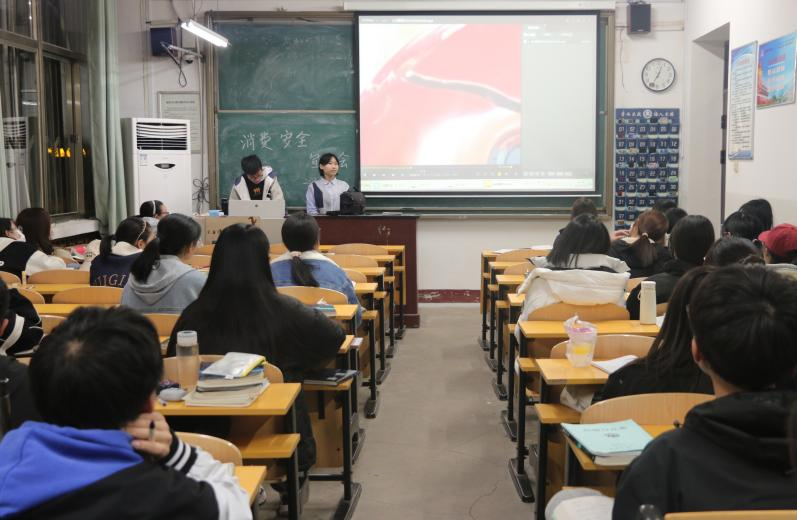 活动伊始,宣讲人简单概括了本次活动的目的及意义,接着列举出日常生活中的“消费陷阱”、投诉渠道等具体的消费知识。在下面的答题环节,大家积极举手回答问题,同时记录人在黑板上记录答题情况。在自由提问环节,同学们询问生活中的消费问题,宣讲人做出正确详实的解答。最后,宣讲人对此次宣讲会进行总结,根据记分情况分发礼品,并宣布此次活动结束。
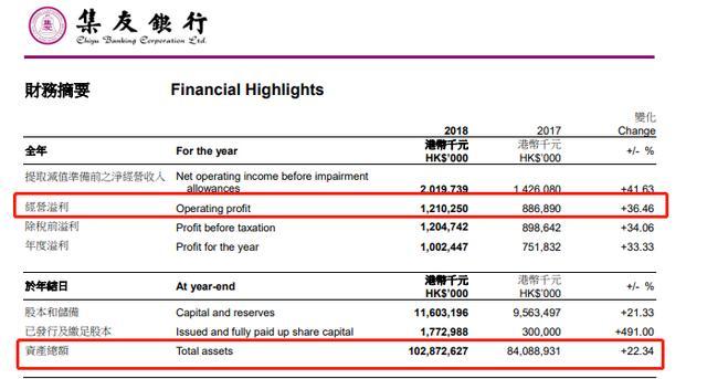 2018年资产总额为1028亿港币,约合人民币893亿元,经营利润100亿港币,资产规模增幅22.34%,利润增幅33.33%。
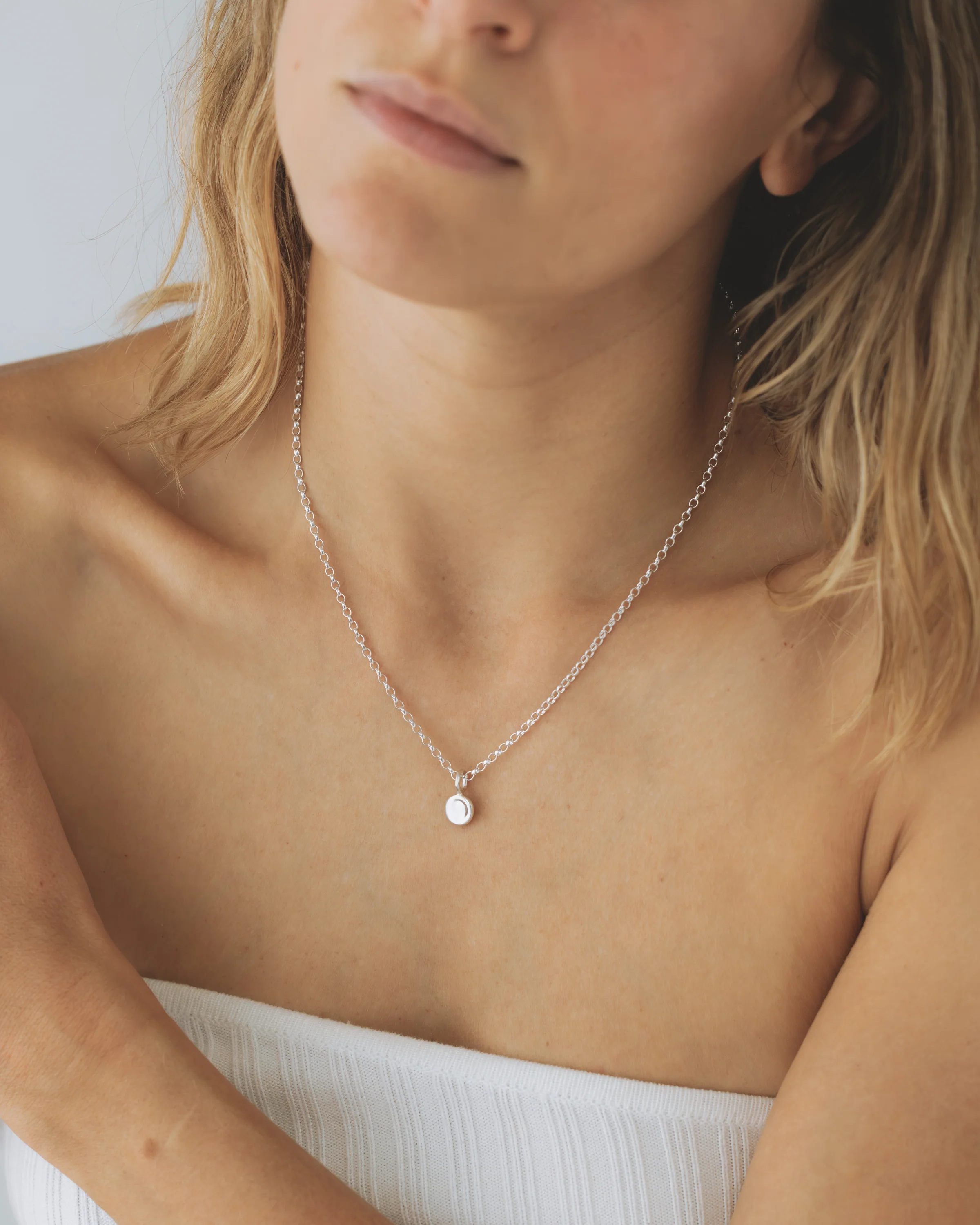The Baby Moon Birthstone Necklace embodies our signature molten and organic form in a mini silver disc, its buttery curves & fluidity echoing the imperfect beauty and strength of motherhood.
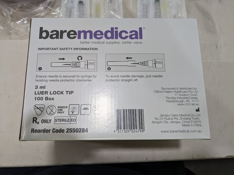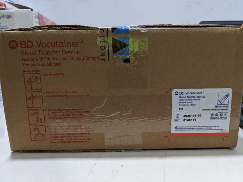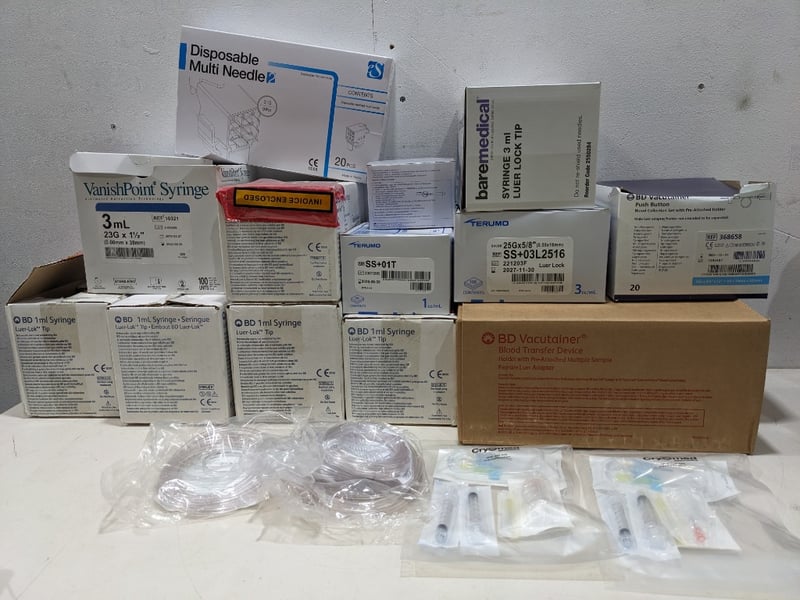 Assorted items includes, syringe 1mL, syringe 3mL, blood transfer device and more. Sold as a lot.

EXERCISE DETAILS
Line by line, write out the material exactly, leaving the images out.

SOLUTION FOR THIS TASK
 活动伊始,宣讲人简单概括了本次活动的目的及意义,接着列举出日常生活中的“消费陷阱”、投诉渠道等具体的消费知识。在下面的答题环节,大家积极举手回答问题,同时记录人在黑板上记录答题情况。在自由提问环节,同学们询问生活中的消费问题,宣讲人做出正确详实的解答。最后,宣讲人对此次宣讲会进行总结,根据记分情况分发礼品,并宣布此次活动结束。
 2018年资产总额为1028亿港币,约合人民币893亿元,经营利润100亿港币,资产规模增幅22.34%,利润增幅33.33%。
The Baby Moon Birthstone Necklace embodies our signature molten and organic form in a mini silver disc, its buttery curves & fluidity echoing the imperfect beauty and strength of motherhood.
 Assorted items includes, syringe 1mL, syringe 3mL, blood transfer device and more. Sold as a lot.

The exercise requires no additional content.